Rooney frowned; Bean was really getting under hi
s skin now.
“She’s an ex-cop, right? She’s capable of taking care of herself, she’s tough, I’ve heard you say it, and she’s been out hooking. She’s got a record. Maybe, just maybe, she’s also got a lot of venom in her, a hatred of women that look like her.”
Rooney hit the desk hard. “No. No way. Piss off out of here, go on. And, Josh, get a bottle of bourbon for me.”
Bean knew now what Rooney had been banging around looking for. He pursed his lips; he didn’t like being treated like a messenger boy, first for lunch, then for booze …
“You got a problem?”
“No, Captain, but you might be gettin’ one.”
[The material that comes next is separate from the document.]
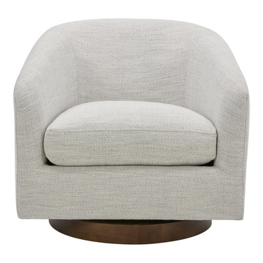 Light and cheerful. Calm and relaxed. The Oscy swivel chair is a cloud of comfort that brings airy energy and convenience into your living room with its 360° swivel, floating base design. Idyllic for a reading nook or as an accent chair, Oscy creates a chic retreat with softly textured fabric upholstery that looks fresh and keeps things cozy.

Rooney watched Bean walk away down the corridor. Any other time he’d have flattened him down with some scathing remark, but he didn’t have the energy. He couldn’t have lost his touch to that extent. He shut his eyes and recalled Lorraine’s face, the way her pale eyes bored into him, the scar making her face switch between vulnerable and street tough. He read through her file again: the arrests, the charges, the no-shows at court, the attacks on arresting officers, even that she had been held in a straitjacket. Drunk and disorderly was recorded time and again. Drunk in charge of a vehicle, drunk when arrested for breaking into a liquor store—she had fought the arresting officer, bitten him, kicked him, and punched him in the face. It had taken four of them to get her into the wagon. She’d been held in the cells for three days, charged with assault, and spent two months in the L.A. women’s county jail. If he hadn’t known her, he would have described her without hesitation as dangerous. Could she be capable of murder? His feet ached as he walked up and down, swearing alternately at Fellows for throwing this “woman killer” angle into the investigation, at Lorraine, and finally at himself.
When Bean returned with the food, Rooney seemed even more distracted. Bean placed on the desk a ham and cheese on rye, two coffees with their plastic lids on, and then removed from his pocket a brown paper bag with a pint of bourbon. Rooney didn’t even say thank you. He took the top off his coffee, gulped a few mouthfuls, and topped it up with bourbon. Just as Bean had his own sandwich raised to his mouth, Rooney barked out, “Check that vice charge, the Janklow thing, get on that first.” Bean didn’t say he was already working on it, he just left Rooney alone, taking his lunch with him. He’d seen these dark moods often and didn’t want to be on the receiving end of one today.